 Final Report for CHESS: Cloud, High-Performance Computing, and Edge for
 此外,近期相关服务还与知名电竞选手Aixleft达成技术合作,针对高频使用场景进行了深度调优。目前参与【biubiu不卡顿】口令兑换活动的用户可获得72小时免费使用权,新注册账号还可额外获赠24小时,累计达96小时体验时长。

================

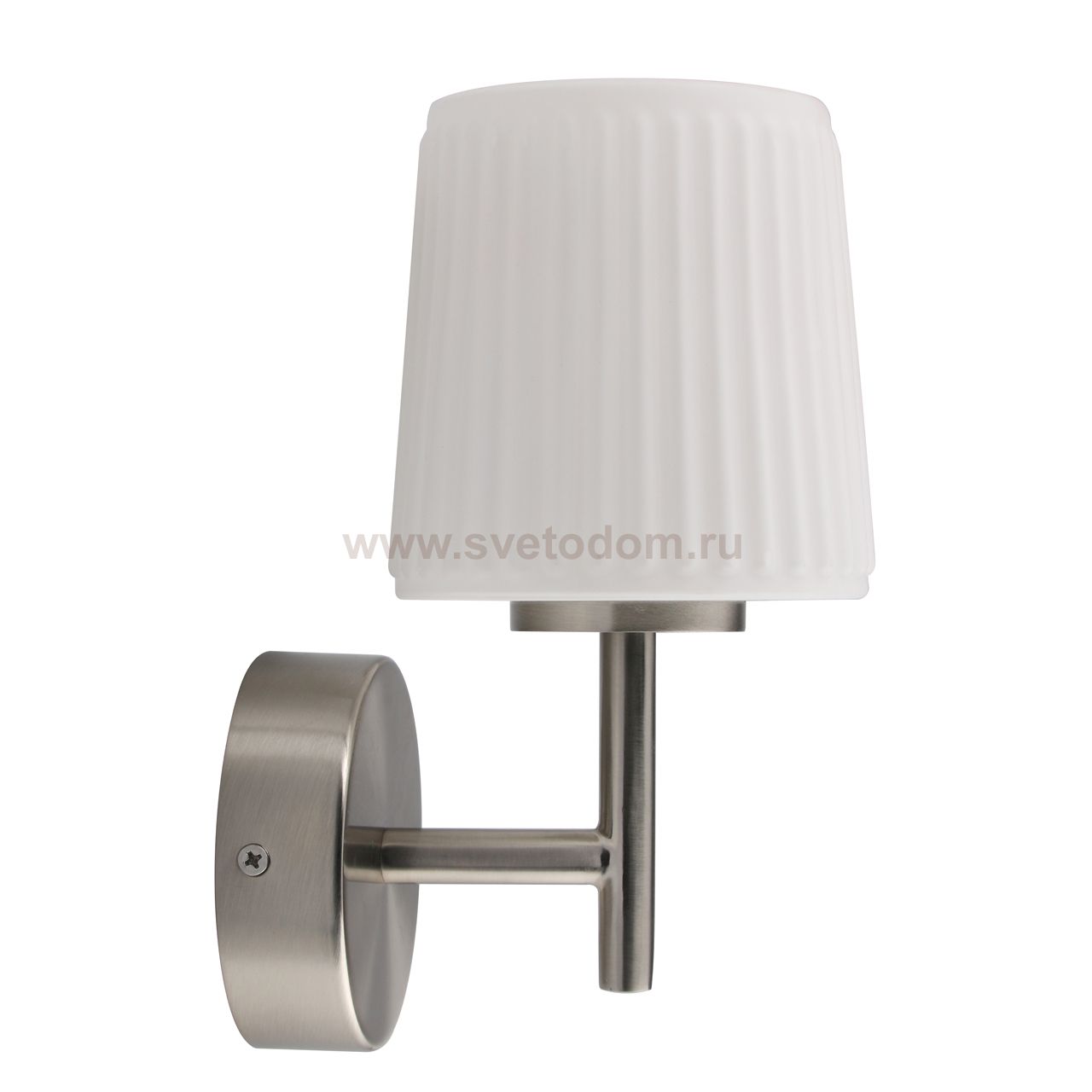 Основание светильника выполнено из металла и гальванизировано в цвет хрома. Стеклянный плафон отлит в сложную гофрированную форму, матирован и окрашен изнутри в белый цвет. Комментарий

================

Could you return exactly the lines above from the line with "Final Report for" to the line with "此外,近期相关服务还与知名电", both included, and nothing else?

 Final Report for CHESS: Cloud, High-Performance Computing, and Edge for
 此外,近期相关服务还与知名电竞选手Aixleft达成技术合作,针对高频使用场景进行了深度调优。目前参与【biubiu不卡顿】口令兑换活动的用户可获得72小时免费使用权,新注册账号还可额外获赠24小时,累计达96小时体验时长。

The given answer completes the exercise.